As for offering policies to immediately bring down power bills, while National Party leader David Littleproud backs household solar and batteries for the cities, there’s no sign of a push within the party to help with household electrification backed by solar.
“Our policy will revolve around extending the life of those coal assets, and making sure that we’ve got reliable, consistent energy will play into that, and also get rid of a lot of the costs of the transmission that’s required for the wind and solar proposal,” one Nationals MP says.
“So, I think that’ll be part of the argument that’ll have an effect on cost, both a proven technology that we’ve relied on in the past, and we’ll sort of focus on that until 2050.”
The nuclear proposal is not yet harming the Coalition, according to former Liberal strategist and RedBridge Group pollster Tony Barry, but he says a number of factors are at play.
He regards Labor’s scare tactics, including the three-eyed fish imagery, as falling flat, and says people are not seeing evidence that renewable energy is bringing down energy prices.
Barry says there is public anger over falling feed-in tariffs and substantial outlay costs for solar power. The government and renewable energy groups have “manifestly failed” to sell clean energy, in his view, and public support has softened.
“It’s playing beautifully for Dutton,” he says.
“Voters just look at their bills, which are going up, and they’ve made the assessment that perhaps renewable energy isn’t cheaper.
“The salience of cost of living and housing is so high at the moment in all our research that every other issue is failing to punch through,” Barry says.
“We’re seeing around 75 per cent of voters nominate those two issues as the most important ones to them. That is unprecedented in my 25 years as a consumer and supplier of research.”
The Labor policy most cited as helpful for Australians was the amended stage three tax cuts and the energy rebates, but they were the options from just 24 per cent of respondents in a RedBridge poll who could name a standout Albanese government policy.
RedBridge research also suggests Dutton is getting “some reward for a bold idea on nuclear”, Barry says.
“That’s not to say they think it’s the best plan or they supported it, but they identified it as the biggest, most memorable, boldest plan in this parliamentary term.
“When you focus people on a conversation about nuclear there are certainly hesitations and concerns and knowledge gaps … The trick for Labor is not to be seen as being too focused on nuclear energy at the expense of not being focused on cost of living.”
To put that “boldness” another way, however, the nuclear power proposition also makes the opposition a target. MPs who spoke to The Saturday Paper don’t express too much concern.

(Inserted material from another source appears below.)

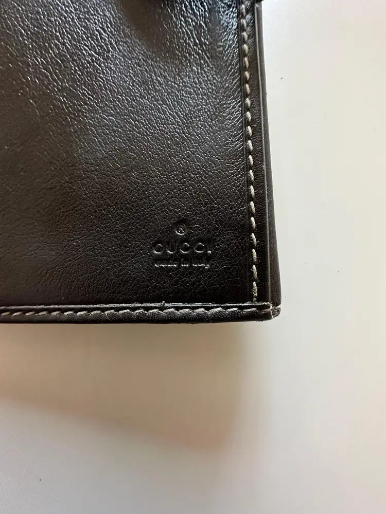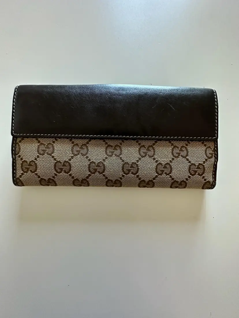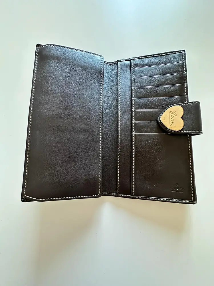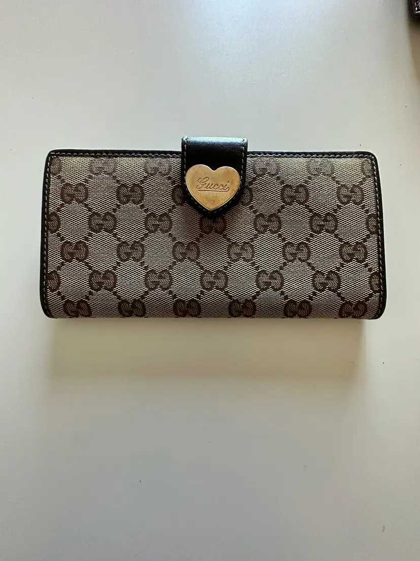 Gucci GG logo heart plate canvas leather long bifold wallet, Overall good condition. The exterior has minor rubbing and scratches, tarnishing at the heart. There are minor rub marks on the inside. Minor corner rubbing.

“We’re not saying it’s sort of a cost-of-living measure or anything else like that. We’re saying it’s a long-term energy market reform,” one parliamentarian says.
“It’s a good point of differentiation. I think it’s an important policy. But I don’t think we will win an election off the back of that, and I don’t think we’re going to lose one either.”
In the meantime, Dutton is seen by the Nationals as a “steady navigator”.
“I think we’ve got the advantage. We’ve had the situation where he’s been so far ahead of anyone else in the Liberal Party that there’s really not been any leadership rumblings or undermining,” one Nationals MP says.
“The dynamic between David [Littleproud] and Peter is good. It’s not stealing the limelight off Peter in a presidential-style environment that we exist in these days.
“I think Albanese is one of our key strike weapons. He’s certainly doing some things that are pissing people off.”